Since W(0,0) starts out 1 larger than W(0,-2), they will alternate being 1 larger,
completing the proof of C)
Now consider the total number of ways to get a nonnegative score, MINUS TWICE the number of ways to get a negative score:
A(f) = sum(m=2,..) W(f,m) + W(f,1) + W(f,0) – 2 W(f,-2) – 2 sum(m=2,..) W(f,-2m)
= ( Probability to win or tie – 2*probability to lose ) * 2^f
For shorthand, write Probability to win or tie as Pwt and probability to lose as Pl = 1 – Pwt.
Now let’s massage the form of A(f):
Replace W(f,2) = W(f,4) + W(f,1) + W(f,0) and W(f,m>2) with W(f-1,m-1) + W(f-1,m+1):
sum(m=2,..) W(f,m) = 2 sum(m=2,..) W(f-1,m) – W(f-1,2) + W(f-1,1) + W(f-1,0)
Because of B), 2 sum(m=2,..) W(f-1,m) = 2 sum(m=2,..) W(f,-2m) so these cancel, leaving
A(f) = – W(f-1,2) + W(f-1,1) + W(f-1,0) + W(f,1) + W(f,0) – 2 W(f,-2)
But W(f-1,2) = W(f,1) by 1), so these terms cancel:
A(f) = W(f-1,1) + W(f-1,0) + W(f,0) – 2 W(f,-2)
Use W(f-1,1) = W(f-2,2) = W(f-1,-4) from 1) and 2):
A(f) = W(f-1,-4) + W(f-1,0) + W(f,0) – 2 W(f,-2)

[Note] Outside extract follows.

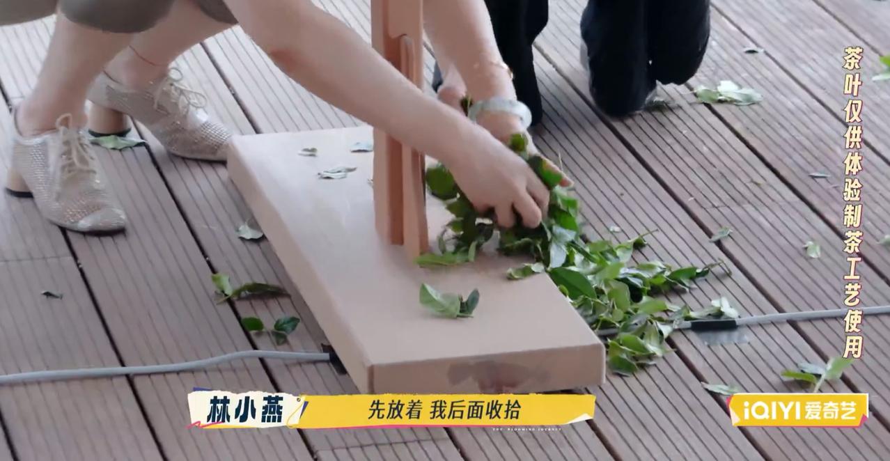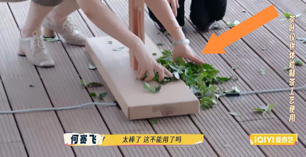 相比刘嘉玲, 就这样一个小细节, 何赛飞的真实人品就“暴露”了。 刘嘉玲在泉州体验茶叶的制作过程, 她体验摇青的过程中, 由于一开始没有掌握技巧, 把很多茶叶撒到地上, 她体验后就默默走开, 完全没有注意撒了一地的茶叶。 而何赛飞遇到相同的情况, 体验完摇青后, 看到一地的茶叶, 轻轻蹲下身子帮忙把茶叶捡起来 放进筐里。 就这样一个小动作, 可见何赛飞是很尊重他人的劳动成果的, 不会浪费采茶人的血汗的。 无论对方身边如何, 何赛飞都表示尊重, 珍惜东西, 不会随意浪费。 而刘嘉玲可能平时大手大脚惯了, 面对撒满地的茶叶也不在乎, 就算让她赔钱, 她应该也满不在乎吧。 一点茶叶钱她还是付得起的。 虽然这个茶叶是专门提供体验制茶过程的, 想必不会用很好的茶叶, 但是何赛飞的做法 让人感受到她平时应该是 一个崇尚节俭的人, 不浪费一点劳动成功果, 尊重劳动人民的血汗。 跟何赛飞这样接地气的人相处, 应该很舒服吧。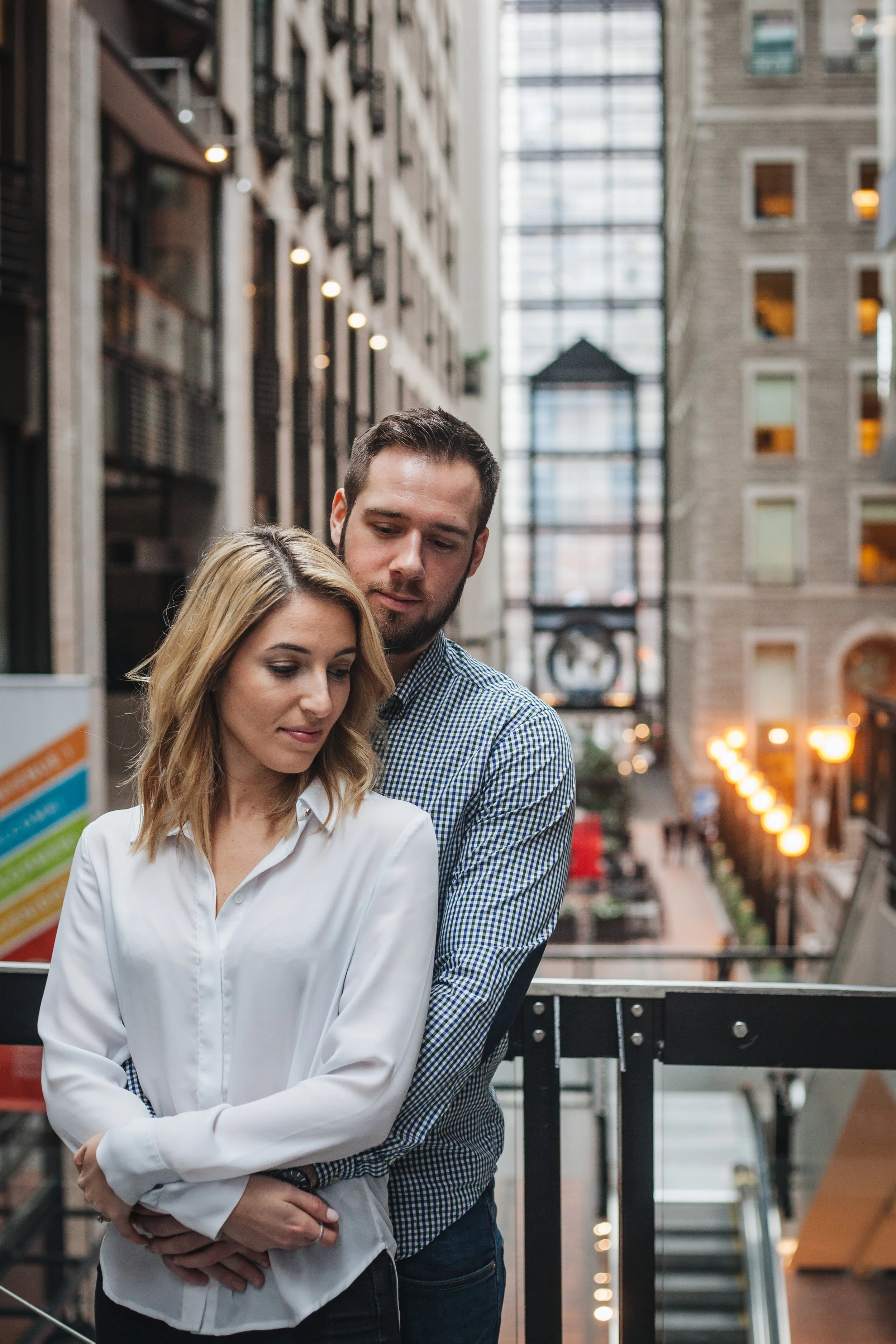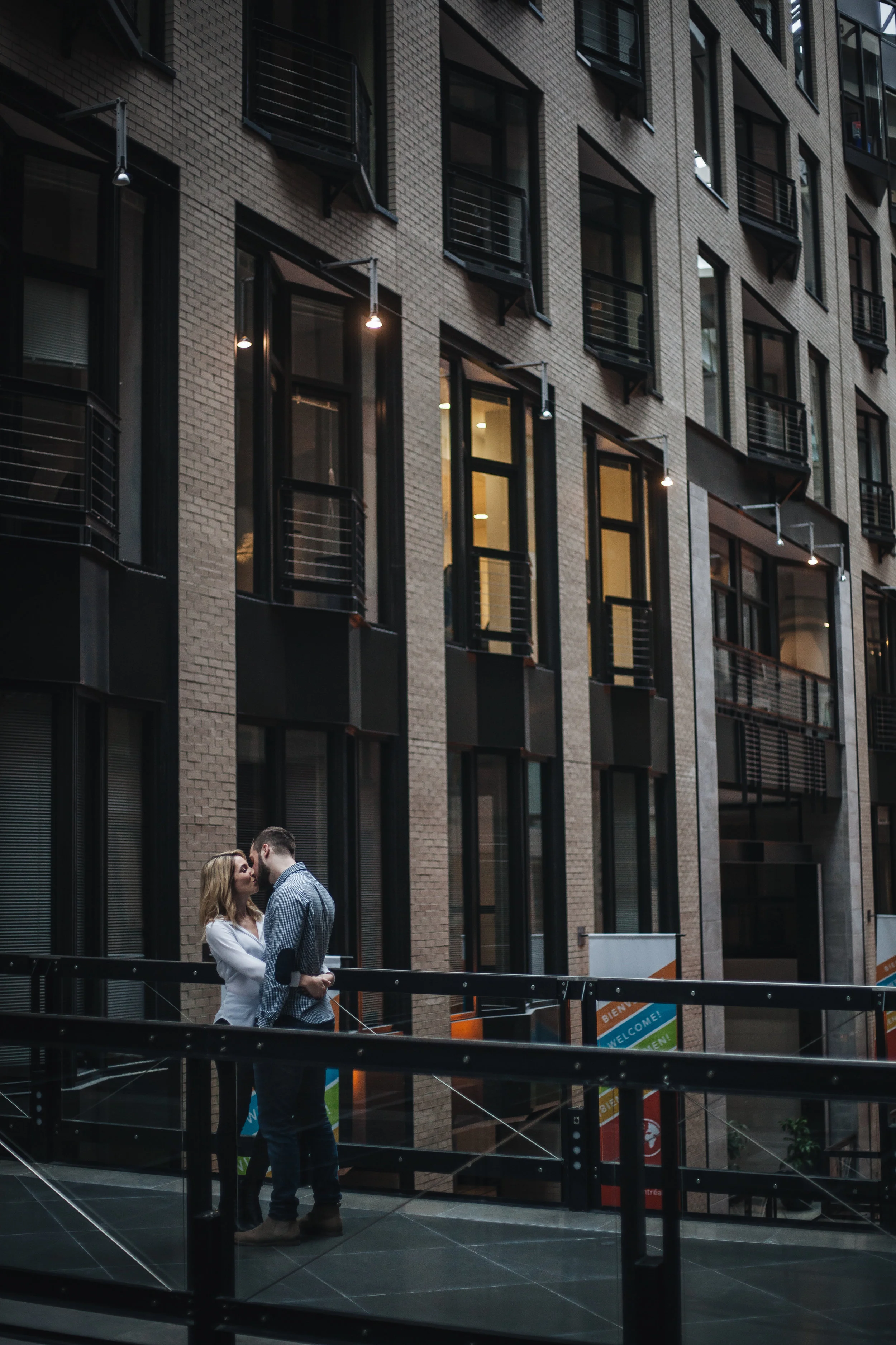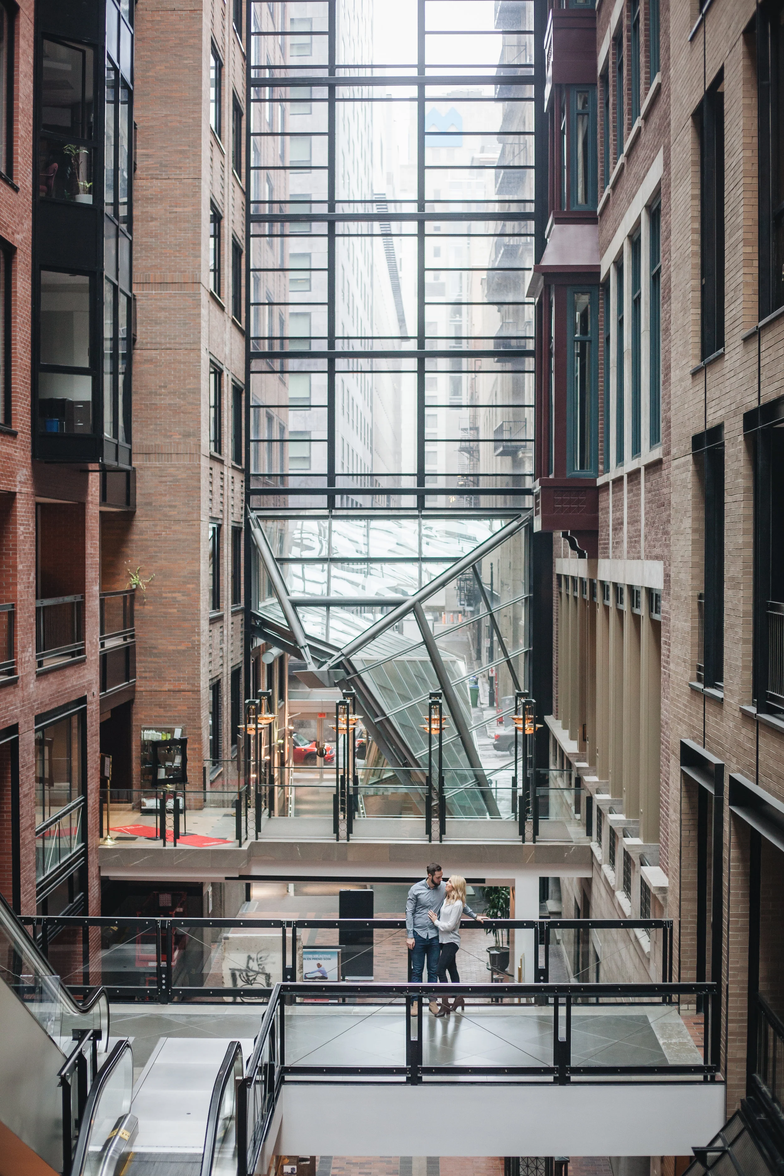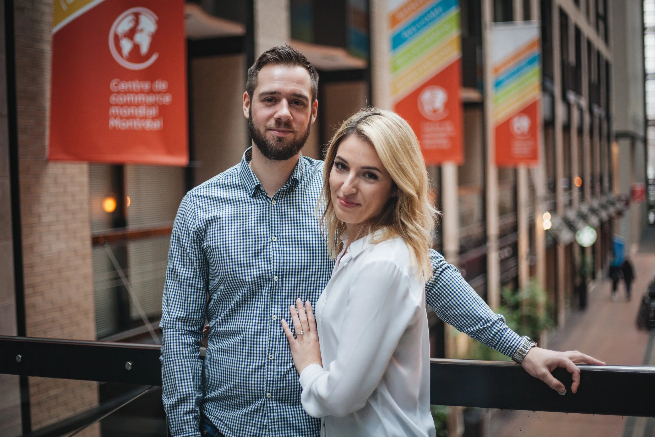 It was a rainy day at the end of April here in Montreal. Katherine and me scheduled the love story session with her fiance Jonah for that day, and in order to avoid the rain, we met up at the World Trade Centre in the Old Port.

But W(f-1,-4) + W(f-1,0) = W(f,-2) by B), so I get
A(f) = W(f,0) – W(f,-2) = (-1)^f by C)
2^f (Pwt – 2*Pl) = (-1)^f
But Pl = 1 – Pwt, so
3 Pwt – 2 = (-1)^f/2^f
Pwt = (2/3) + (-1/2)^f / 3
The probability to win or tie converges to (2/3) exponentially, with alternating corrections.